At the extreme end of the scale, it is not unreasonable also to suggest that there is more than a passing resemblance between “nuclear winter” fears during the Cold War and the threat of nuclear ASAT use making large swaths of low-earth-orbital space uninhabitable for unhardened satellites due to the excitation of the Van Allen radiation belts that could persist for months or years. The latter effect would be far less cataclysmic, and more easily generated, than the former, but both would have global and relatively long-term consequences that bear heavily on the deterrence calculus for prospective attacks that might trigger such results.

Differences: An Abundance of Uniqueness

These and other parallels between nuclear and space deterrence, and between nuclear and space power more generally, are significant and can be illuminating; failing to be aware of them would certainly be unfortunate. On the other hand, not recognizing the differences between the two subjects can be actively perilous, leading to misconceptions that invite strategic surprise and major policy missteps.

Theory

In spite of the similarities identified above, nuclear deterrence and space deterrence aren’t really parallel concepts. Indeed, it is not entirely clear that space deterrence is a very useful construct – we do not speak of air or naval deterrence as distinct categories, after all, because of the degree to which conventional warfare in different do-mains is usually intermingled. Military space activities, too, are intimately connected to operations and capabilities in the other domains. This is not to say that deterring attacks against satellites and other space-related targets is not a matter of importance, only that it is a policy problem that may be less separate from other deterrence challenges than is often assumed.

Yet space really is different – the unique operating environment and, above all, the physics of orbital mechanics, create an operational and strategic world in which conventional wisdom often does not apply.

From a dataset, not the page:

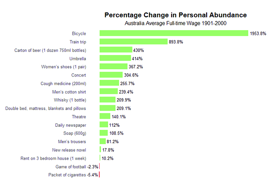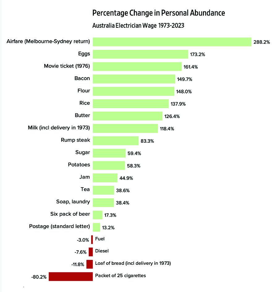 Over the past 50 years, you can see that looking at an airfare from Melbourne to Sydney, for example, our electrician can now get almost three tickets for the price of one. We can see similar things happening in terms of eggs, bacon, flour, rice, butter, milk, steak, sugar, potatoes, jam, tea… almost everything has gotten cheaper.

The same can be said of nuclear strategy and deterrence, but it does not follow that because space and nuclear power each work differently from conventional military power they must then resemble each other. For example, during the Cold War it was often noted that nuclear weapons could turn familiar notions of offense and defense upside down: Strategically, threatening to attack an enemy’s nuclear arsenal was offensive, but threatening to annihilate enemy cities was fundamentally defensive, albeit unsavory. Similarly strategic defenses threatened to undermine deterrence if they protected a superpower’s cities, but not if they only defended its retaliatory nuclear capabilities. In space warfare, too, the meanings of offense and defense familiar from settings such as air warfare become inverted, though in a different way. In this realm, attacking enemy satellites even over one’s own territory is reckoned to be offensive counter-space activity, while protecting one’s own satellites as they overfly the enemy is defensive.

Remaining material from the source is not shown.